* Exercise *
Look through the entries below for the line with "首先要做的就是禁用向您发送弹" and the line with "8月24日,市区中华大道上多功能清洁车在清洗街头栏杆。 记者 张 朝 摄", then give again exactly those two lines and all lines between them, minus the pictures.

* Material provided *
____________
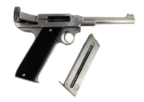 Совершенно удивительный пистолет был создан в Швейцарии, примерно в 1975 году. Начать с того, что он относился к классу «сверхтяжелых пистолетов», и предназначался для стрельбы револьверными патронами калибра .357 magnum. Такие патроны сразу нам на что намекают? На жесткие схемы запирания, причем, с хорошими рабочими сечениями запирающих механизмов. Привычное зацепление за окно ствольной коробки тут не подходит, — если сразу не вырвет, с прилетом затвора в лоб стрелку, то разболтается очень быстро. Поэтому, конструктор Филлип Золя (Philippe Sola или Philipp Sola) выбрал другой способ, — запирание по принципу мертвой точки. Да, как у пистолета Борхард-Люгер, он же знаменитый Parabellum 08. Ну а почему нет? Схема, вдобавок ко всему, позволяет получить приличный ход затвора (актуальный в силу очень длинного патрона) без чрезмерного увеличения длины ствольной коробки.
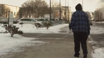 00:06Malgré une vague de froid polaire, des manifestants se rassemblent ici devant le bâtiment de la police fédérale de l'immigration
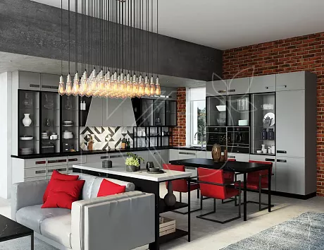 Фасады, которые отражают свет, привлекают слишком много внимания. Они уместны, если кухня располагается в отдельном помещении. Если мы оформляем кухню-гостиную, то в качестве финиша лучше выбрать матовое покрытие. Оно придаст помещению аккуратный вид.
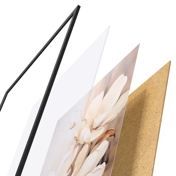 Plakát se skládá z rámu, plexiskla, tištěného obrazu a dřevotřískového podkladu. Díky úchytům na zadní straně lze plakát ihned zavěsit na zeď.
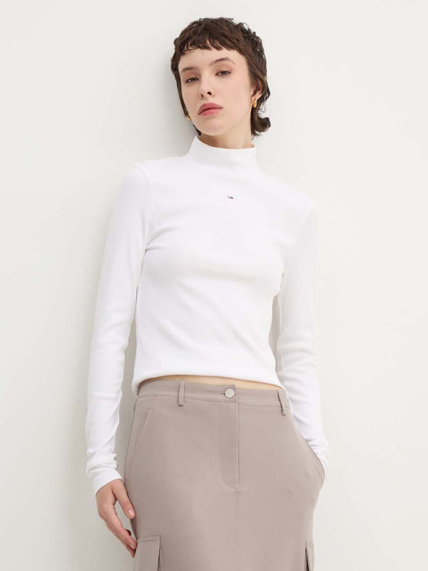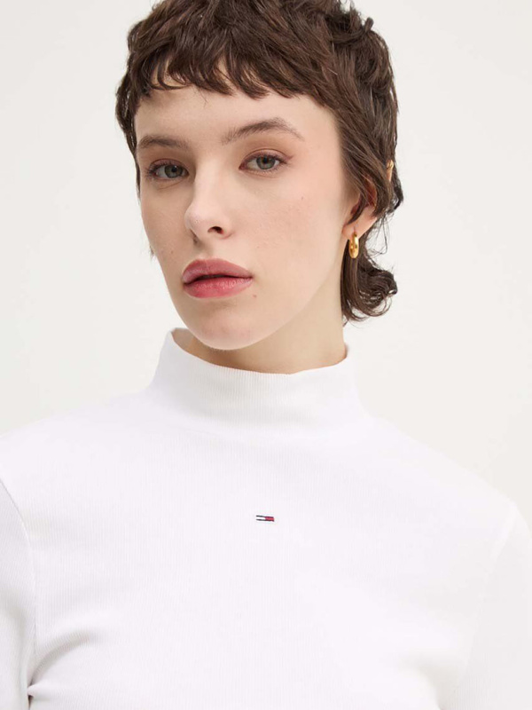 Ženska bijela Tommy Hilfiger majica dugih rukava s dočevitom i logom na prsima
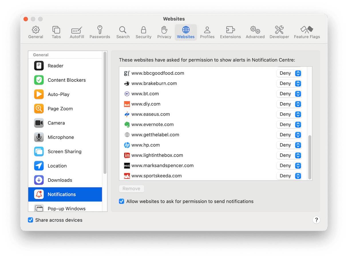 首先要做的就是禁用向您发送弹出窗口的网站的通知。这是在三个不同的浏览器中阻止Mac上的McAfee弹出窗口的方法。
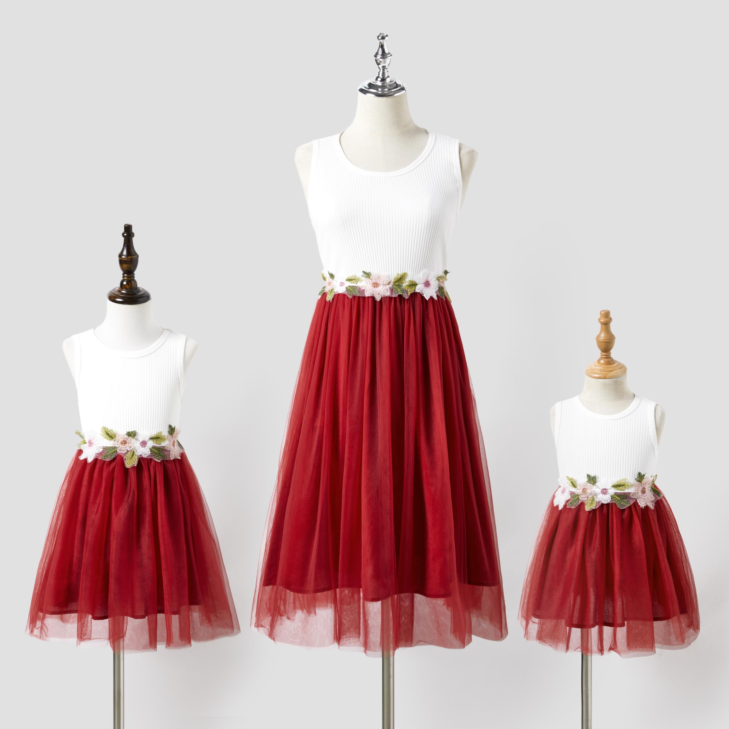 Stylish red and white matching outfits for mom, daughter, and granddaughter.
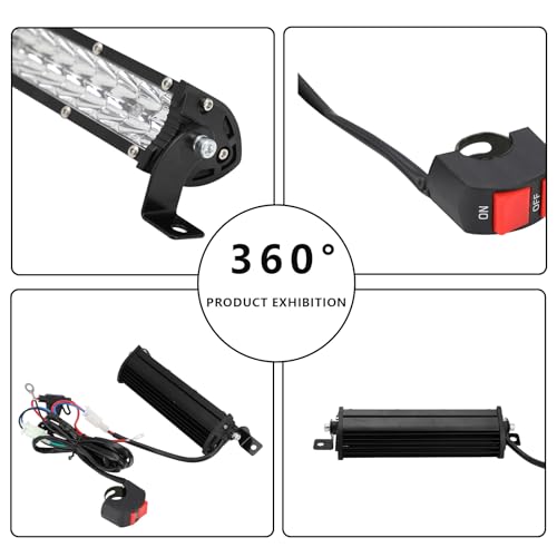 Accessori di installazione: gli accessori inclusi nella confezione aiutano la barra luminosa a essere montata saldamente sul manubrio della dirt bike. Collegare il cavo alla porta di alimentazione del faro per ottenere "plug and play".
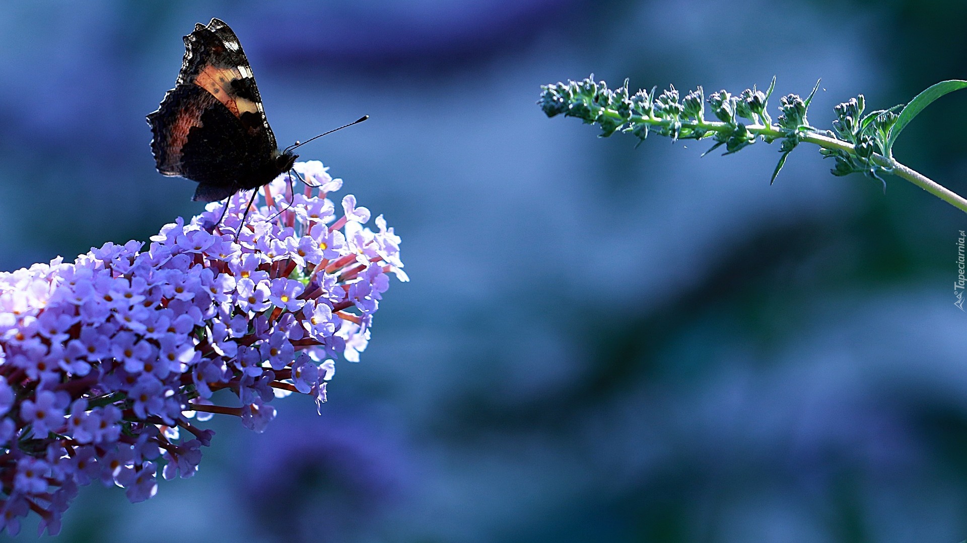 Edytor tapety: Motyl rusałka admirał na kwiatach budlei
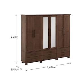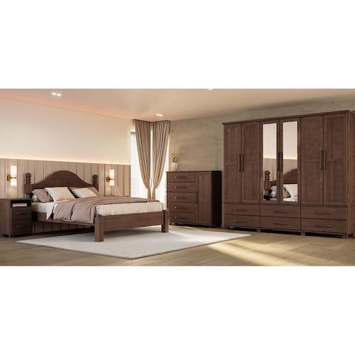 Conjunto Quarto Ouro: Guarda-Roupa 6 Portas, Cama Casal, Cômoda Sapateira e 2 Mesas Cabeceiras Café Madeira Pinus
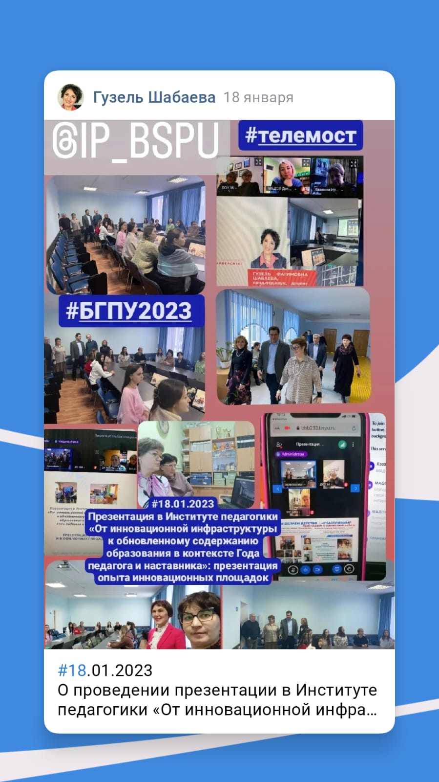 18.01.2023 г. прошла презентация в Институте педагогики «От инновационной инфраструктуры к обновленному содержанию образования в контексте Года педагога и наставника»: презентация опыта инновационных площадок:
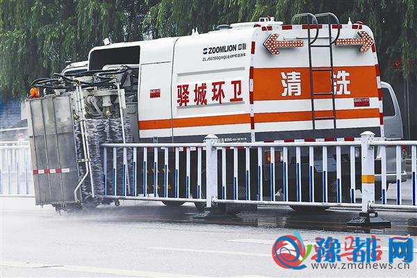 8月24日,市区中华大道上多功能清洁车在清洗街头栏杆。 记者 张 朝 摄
____________
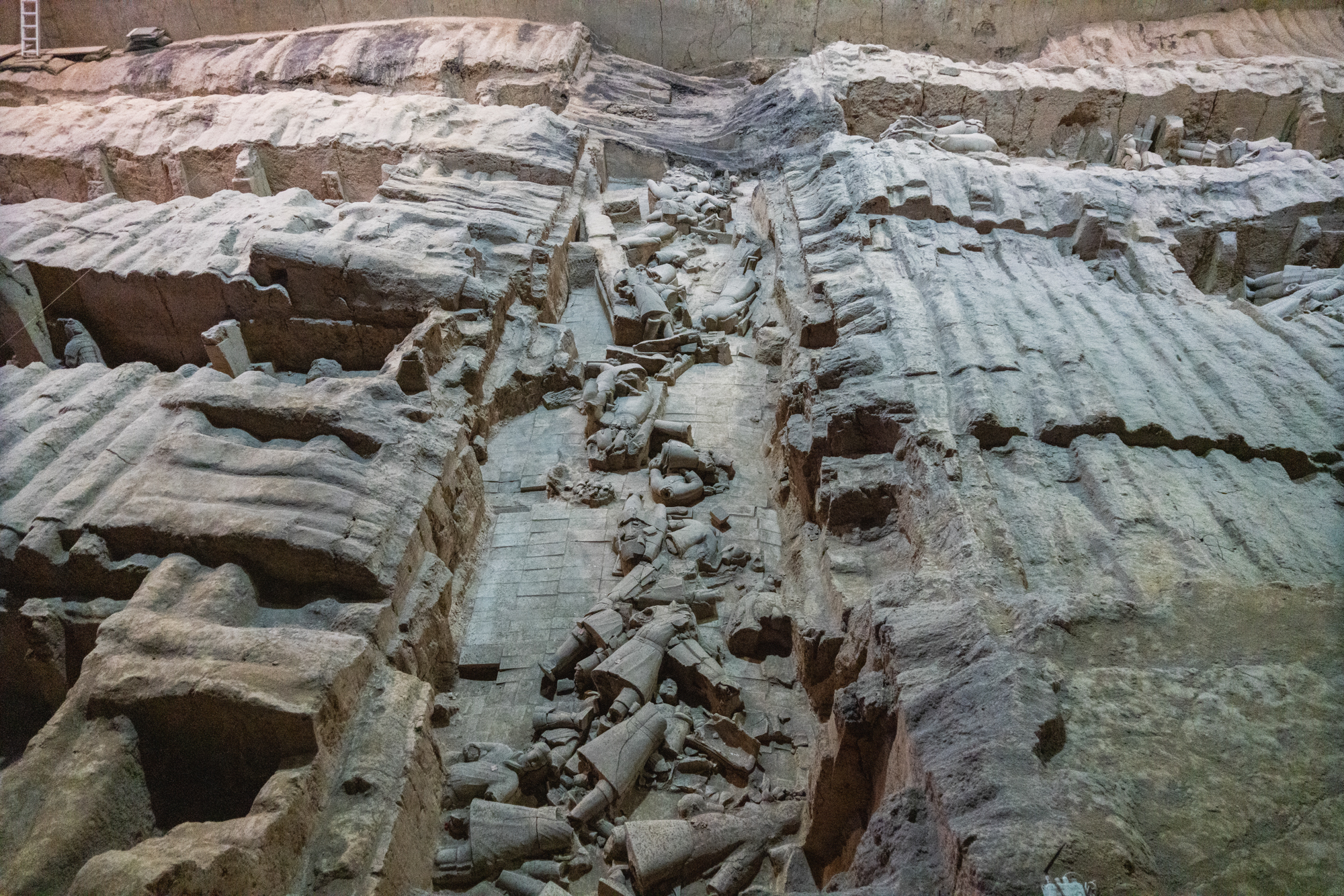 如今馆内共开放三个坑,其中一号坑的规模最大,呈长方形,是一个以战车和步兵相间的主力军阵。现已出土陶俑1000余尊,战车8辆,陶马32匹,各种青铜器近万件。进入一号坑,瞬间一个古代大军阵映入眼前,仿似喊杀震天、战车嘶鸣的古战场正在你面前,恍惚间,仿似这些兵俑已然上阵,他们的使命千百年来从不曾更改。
____________
* Result *
 首先要做的就是禁用向您发送弹出窗口的网站的通知。这是在三个不同的浏览器中阻止Mac上的McAfee弹出窗口的方法。
 Stylish red and white matching outfits for mom, daughter, and granddaughter.
 Accessori di installazione: gli accessori inclusi nella confezione aiutano la barra luminosa a essere montata saldamente sul manubrio della dirt bike. Collegare il cavo alla porta di alimentazione del faro per ottenere "plug and play".
 Edytor tapety: Motyl rusałka admirał na kwiatach budlei
 Conjunto Quarto Ouro: Guarda-Roupa 6 Portas, Cama Casal, Cômoda Sapateira e 2 Mesas Cabeceiras Café Madeira Pinus
 18.01.2023 г. прошла презентация в Институте педагогики «От инновационной инфраструктуры к обновленному содержанию образования в контексте Года педагога и наставника»: презентация опыта инновационных площадок:
 8月24日,市区中华大道上多功能清洁车在清洗街头栏杆。 记者 张 朝 摄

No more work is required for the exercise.